§ TASK
Beginning with the line that contains "2009年4月21日下午,六", retype the entries below exactly, ending with the line that contains "Место рождения Терская". Leave out any pictures.

§ MATERIAL SHOWN
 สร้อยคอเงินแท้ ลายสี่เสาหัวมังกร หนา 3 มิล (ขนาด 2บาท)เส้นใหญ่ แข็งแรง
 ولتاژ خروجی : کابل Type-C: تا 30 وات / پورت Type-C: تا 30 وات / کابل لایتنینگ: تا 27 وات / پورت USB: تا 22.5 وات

* * *

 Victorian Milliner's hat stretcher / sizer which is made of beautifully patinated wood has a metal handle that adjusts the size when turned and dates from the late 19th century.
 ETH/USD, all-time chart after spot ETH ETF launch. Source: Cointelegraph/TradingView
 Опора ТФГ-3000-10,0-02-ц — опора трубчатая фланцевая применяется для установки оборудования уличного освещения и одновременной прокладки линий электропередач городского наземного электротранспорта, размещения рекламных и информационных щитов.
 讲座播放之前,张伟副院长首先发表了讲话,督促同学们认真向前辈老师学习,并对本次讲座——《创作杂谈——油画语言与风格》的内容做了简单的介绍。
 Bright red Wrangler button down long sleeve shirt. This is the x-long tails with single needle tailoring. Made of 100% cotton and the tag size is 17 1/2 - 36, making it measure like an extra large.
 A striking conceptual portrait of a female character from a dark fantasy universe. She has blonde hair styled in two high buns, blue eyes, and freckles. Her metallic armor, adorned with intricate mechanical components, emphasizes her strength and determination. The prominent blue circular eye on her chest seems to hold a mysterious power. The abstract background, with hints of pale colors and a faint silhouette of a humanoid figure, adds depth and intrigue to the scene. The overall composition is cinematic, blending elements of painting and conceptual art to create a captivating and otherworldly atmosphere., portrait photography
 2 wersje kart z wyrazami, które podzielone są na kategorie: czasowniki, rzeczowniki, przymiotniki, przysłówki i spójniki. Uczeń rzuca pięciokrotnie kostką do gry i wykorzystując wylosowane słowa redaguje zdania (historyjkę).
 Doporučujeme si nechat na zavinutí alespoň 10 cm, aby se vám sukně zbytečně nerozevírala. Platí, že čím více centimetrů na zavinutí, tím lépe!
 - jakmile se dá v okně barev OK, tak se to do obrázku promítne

---

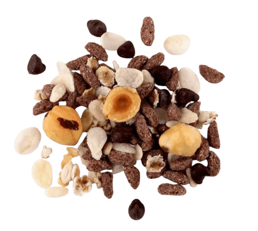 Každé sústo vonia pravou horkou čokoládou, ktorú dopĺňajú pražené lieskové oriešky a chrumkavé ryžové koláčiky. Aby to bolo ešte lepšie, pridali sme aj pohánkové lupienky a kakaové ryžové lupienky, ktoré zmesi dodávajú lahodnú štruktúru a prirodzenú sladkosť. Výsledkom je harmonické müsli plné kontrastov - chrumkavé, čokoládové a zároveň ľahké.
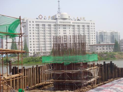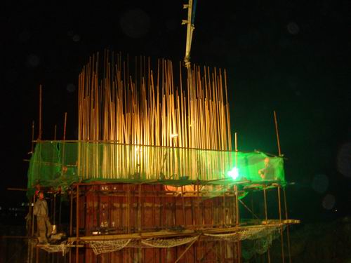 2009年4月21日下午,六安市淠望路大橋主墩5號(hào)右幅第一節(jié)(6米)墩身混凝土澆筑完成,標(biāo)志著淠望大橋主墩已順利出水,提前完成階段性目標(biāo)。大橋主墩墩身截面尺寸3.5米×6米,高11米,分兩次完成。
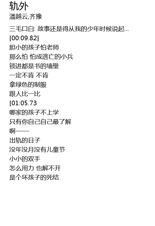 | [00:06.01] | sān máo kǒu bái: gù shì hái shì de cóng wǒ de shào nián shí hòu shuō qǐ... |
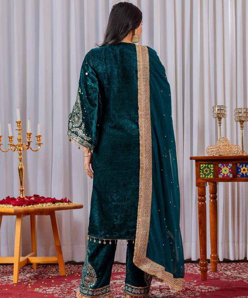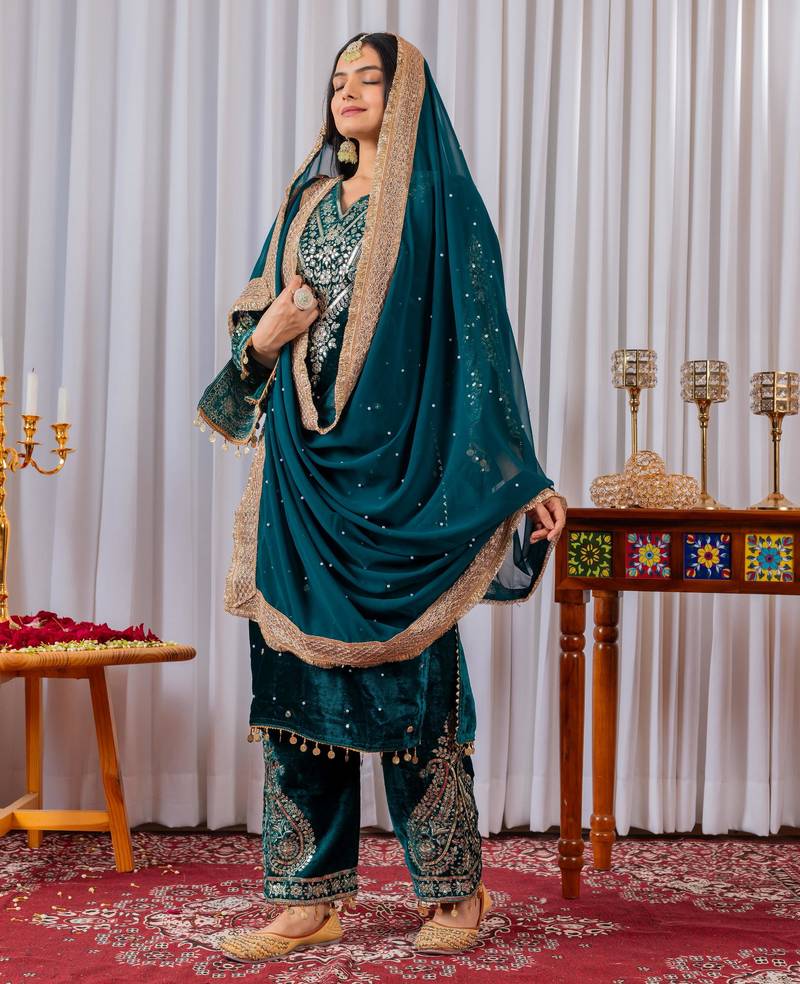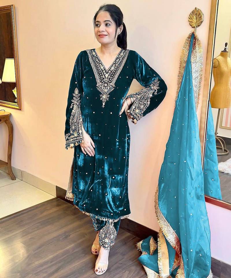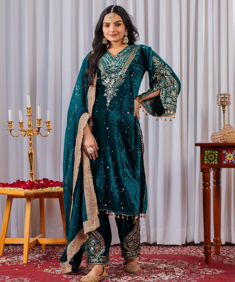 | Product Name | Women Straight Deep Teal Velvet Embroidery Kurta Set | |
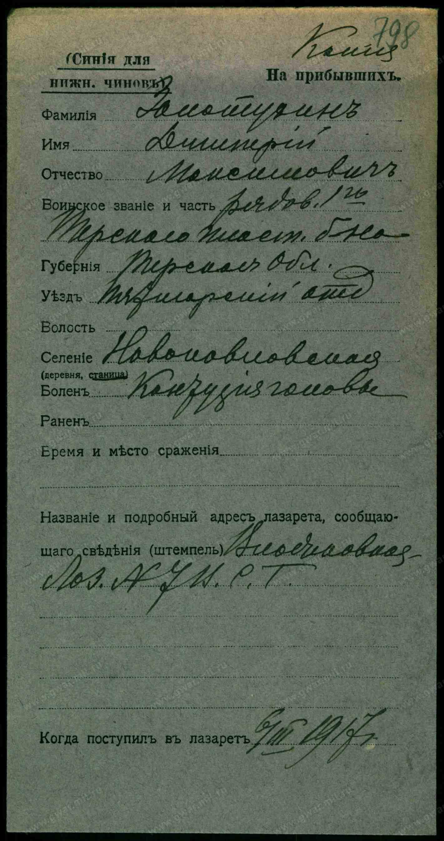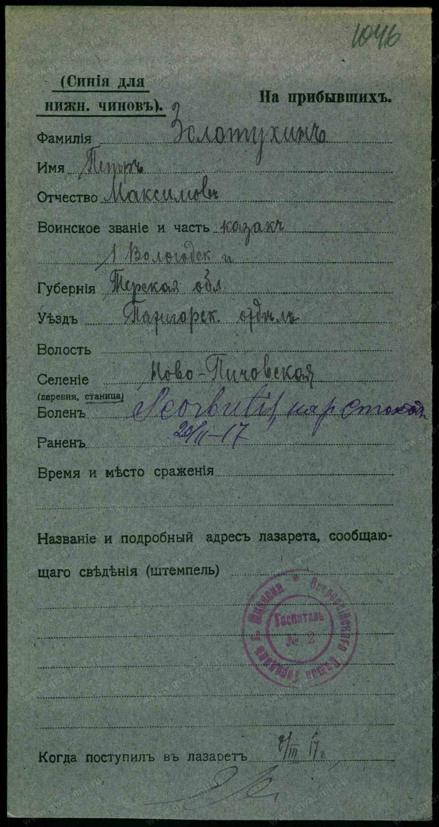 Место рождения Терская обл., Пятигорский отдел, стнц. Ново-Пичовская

§ RESPONSE TO THIS TASK
 2009年4月21日下午,六安市淠望路大橋主墩5號(hào)右幅第一節(jié)(6米)墩身混凝土澆筑完成,標(biāo)志著淠望大橋主墩已順利出水,提前完成階段性目標(biāo)。大橋主墩墩身截面尺寸3.5米×6米,高11米,分兩次完成。
 | [00:06.01] | sān máo kǒu bái: gù shì hái shì de cóng wǒ de shào nián shí hòu shuō qǐ... |
 | Product Name | Women Straight Deep Teal Velvet Embroidery Kurta Set | |
 Место рождения Терская обл., Пятигорский отдел, стнц. Ново-Пичовская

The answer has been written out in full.